July 21st, 2009

Republican House Whip Eric Cantor, who is thinking about running about for President (and is Jewish) decided to suck up to the Christian right by telling an evangelical group that US foreign policy needs to be “firmly grounded” in “Judeo-Christian principles.”

The quickest response to this obviously artifical construct is the retort of Barney Frank: “I’ll finally understand what a Judeo-Christian is when I meet one.”

The notion of a “Christian Zionist” is not as artificial, but it is far more misleading. Virtually every report of the Cantor’s line says that he gave the speech in front of a “Christian Zionist” group, which is a patently inaccurate description.

The group is question is Christians United for Israel, which is chaired by John Hagee (he of the “Roman Catholic Church is a whore” fame).
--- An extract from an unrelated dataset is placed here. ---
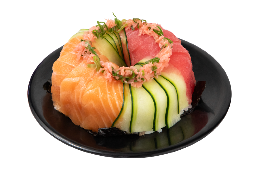 Arroz shari cubierto con salmón, atún, pepino, acompañado de salsa ponzu, gari y cebollín.

But these groups are not Zionists. They are anti-Zionists.

Zionism, at least as currently constituted, is the belief that there should be a Jewish state in Palestine. But so-called “Christian Zionists” do not take pro-Israel positions: they take pro-Likud positions. They oppose any handing back of territory to a Palestinian state, and thus prepare Israel to become a binational state due to demographic factors. As Cantor himself said, “We all know the real stumbling block to peace is posed by those who vehemently deny the nation of Israel’s historical right to the land of Zion.”

The Likud and their Christian allies have somehow persuaded the world that their position is “pro-Israel,” an assertion that groups like J Street and others are currently fighting. But the problem is that J Street does not go far enough. The Likud is objectively anti-Zionist. Continuing settlement of the West Bank is demographic madness: it ensures that Israel will become a majority Arab country within a few years (not to mention the fact that 25% of Israeli schoolchildren inside the Green Line are Arabs, and another 25% are Haredi, creating a future majority unwilling to defend Zionism.).

Israel has long teetered between three goals: 1) being a Jewish state; 2) being a democracy; and 3) keeping the territories. You can have two out of three, but not all three of them. Since so-called Christian Zionists and their right-wing allies have never hinted that they want Israeli democracy to end, and since they insist on keeping the territories, the only logical conclusion is that they want to end Israel’s status as a Jewish state. That, ladies and gentlemen, is anti-Zionism. And it should be called that.